Kevin does this too – tells me not to be so hard on myself, that I’m fine the way I am. These attempts to validate the adequacy of my daily routine invalidate the rest. If I seek validation, I want a different sort, one that supports my interest in making my designs, in developing my writing, in becoming a better business woman, in developing the educational content my customers are asking me for.
I don’t fully understand this dynamic – this impulse of theirs to calm me by patting my head and telling me it’s ok. Especially Bruce, who is always striving to perfect his art, to carve out time for his photography so that he can comfortably assert he is a photographer who supports his art with his job, rather than he has a job and takes photos when he can. I am that same person. When I say I’m a designer I want it to mean of clothes, not (only) of knitwear jewelry and screw-in closures.

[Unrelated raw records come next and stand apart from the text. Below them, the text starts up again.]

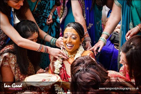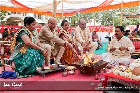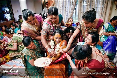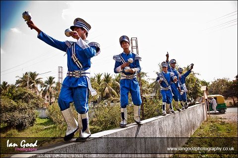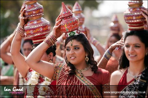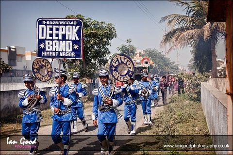 The morning of the wedding day started at the bridal house for Tanvi’s Vidhi. The ceremonies started with Ganesh Sthapan and Mandap Ropan, before the Pithi, where the bride’s skin is covered with a turmeric paste. Outside the house, the bride’s parents, uncle and aunt performed the Grah Shanti. The morning events ended with the Varadh, where the ladies carried pots through the streets from the nearby temple, accompanied by the band and a few firecrackers! With the sun getting quite hot by lunchtime, this certainly made quite a change from some of my recent weddings in the snow!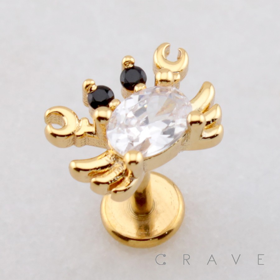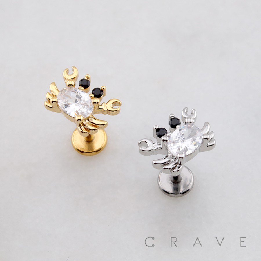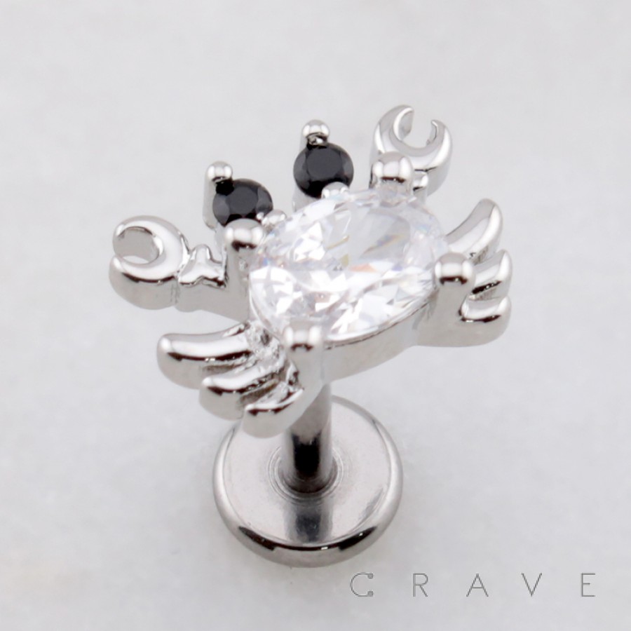 CRABBY CRAB CZ THREADLESS (PUSH IN) 316L SURGICAL STEEL LABRET SET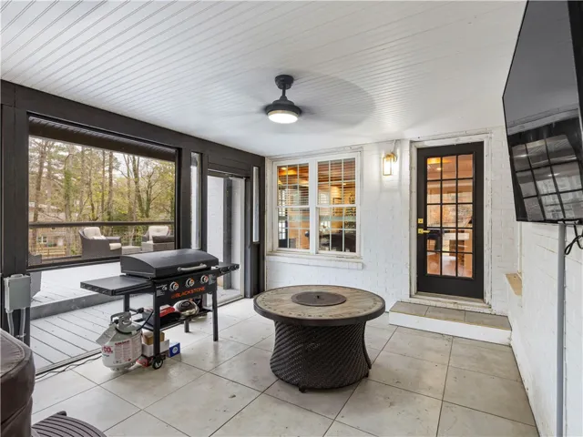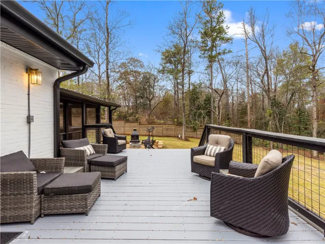 Outdoor living is elevated with a COVERED PORCH and an UPPER DECK THAT SPANS THE ENTIRE WIDTH OF THE HOME, perfect for relaxing or entertaining. The backyard also includes a STONE PATIO and OUTDOOR FIREPLACE, creating an inviting retreat year-round.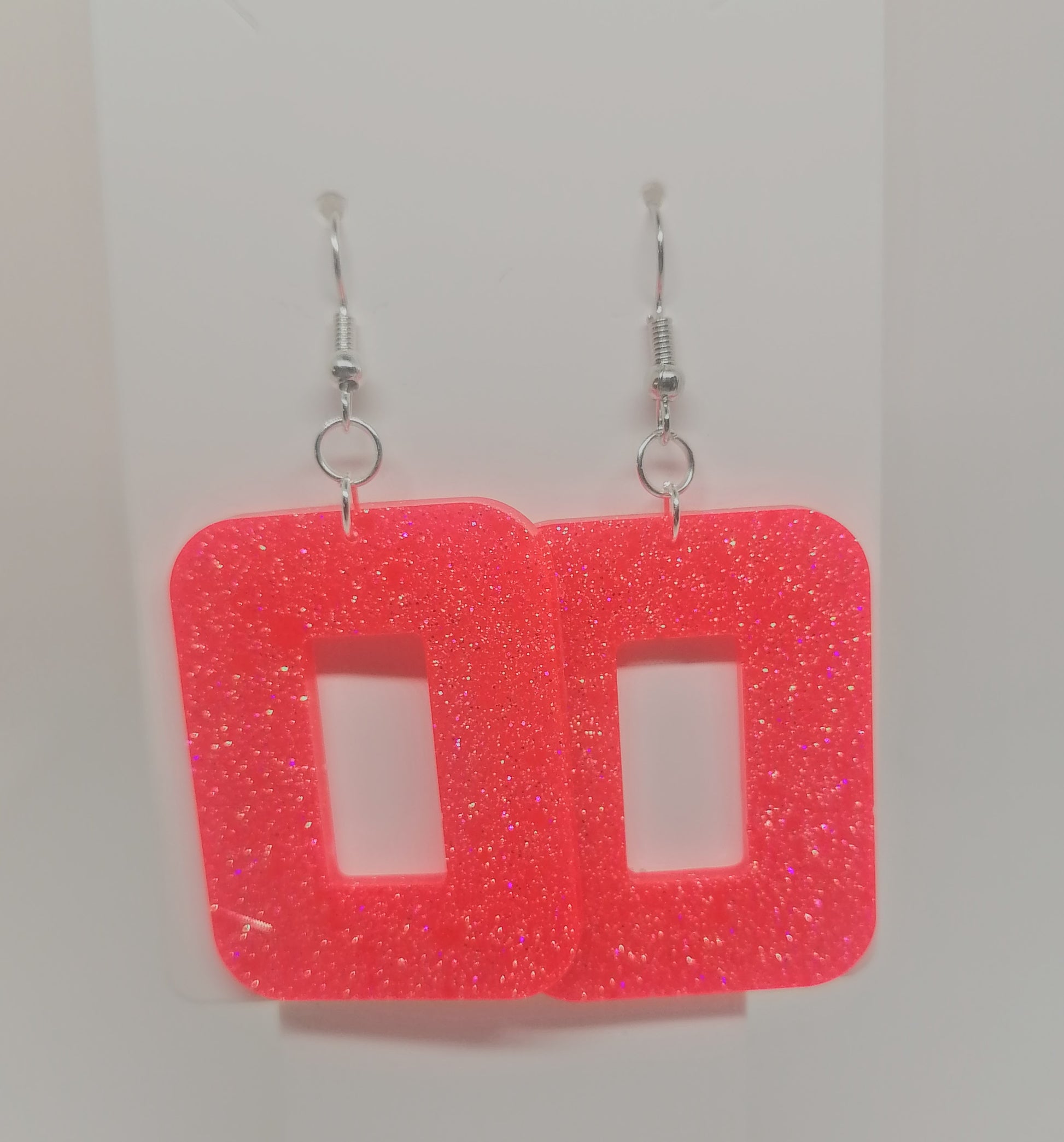 Hopeanvärinen rauta koukkukorvakoru. Riipus on glorexin kidehartsia, joka on värjätty pinkin sävyyn. Seassa myös glitteriä ja hilettä. Tuotteella ilmainen toimitus. Kuva vääristää väriä.

Actually this is not about the Black Jacket. I’m writing about self-fulfillment. Funny to use that word, which I use to talk about the orders I pack – fulfillment. I fulfill other people’s orders. I do not fulfill myself. There is a voice that says – you are complaining about something you do nothing about. I have not made a garment since I made the Little Black Overdress this summer. No, that’s not true. I made the pajamas for Bruce. I wasn’t going to make them at first because I want to work on the Black Jacket. But I made them because Bruce has cancer. He loves them. They comfort him. I need the next project to comfort me.
The fact I don’t change myself is what makes me sad, more than some yearning to make something in particular. I despair my own immovability, my own stubborn resistance to self-fulfillment year after year. I don’t want this to sound so self-pitying. It’s not supposed to be self-pitying. I actually wanted to talk about the Black Jacket!

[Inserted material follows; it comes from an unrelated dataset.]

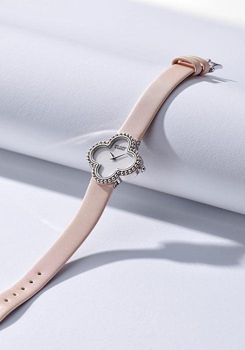 알함브라 디자인의 케이스가 사랑스러운 빈티지 알함브라 여성 워치. 화이트 골드 케이스와 인덱스를 생략한 화이트 자개 다이얼에서 심플함과 여성스러운 우아함이 엿보인다. 9백30만원 반클리프 아펠. |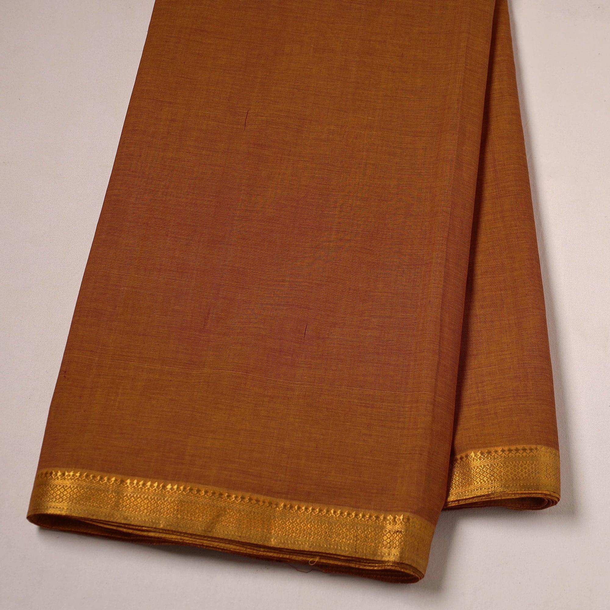 Fine-quality original orange mangalagiri handloom cotton fabric from Andhra Pradesh. This fabric features a traditional two-sided nizam zari border, giving it a regal appeal. Made from soft, breathable cotton, it's perfect for all clothing purposes.

Ok. What is this? Is it a diary of making and non-making? Because surely making is also preceded and succeeded by non-making. Before I can make in the world I must make in my mind. And if I am disciplined I will describe and sketch. It is not solely a deficiency that my impulse is to go straight to the material. This morning I read a brief description of a designer who draped and cut fabric directly on live models. I wonder if she is the one I read about years ago who used to stick pins in her live models too? That would have been a horrid modeling job. No amount of beauty would have made that cruelty seem justified. I am now questioning that assertion; is there beauty that justifies unnecessary suffering? No. I don’t think so. I think there is a kind of cult of personality that gets created around aesthetic genius of terrific brilliance, artists whose creations are so exquisite and ineffable, that the suffering of another (purposefully constructed as an insufficient, daily-grind, unrealized and unrealizable person), in the service of the designer’s production, is a price we are supposed to be willing to pay individually and as a collectivity. But I don’t think the suffering of others is required for the creation of beauty. I think beauty can be redemptive, should be redemptive. Everyone who participates should be able to lay claim to some benefit.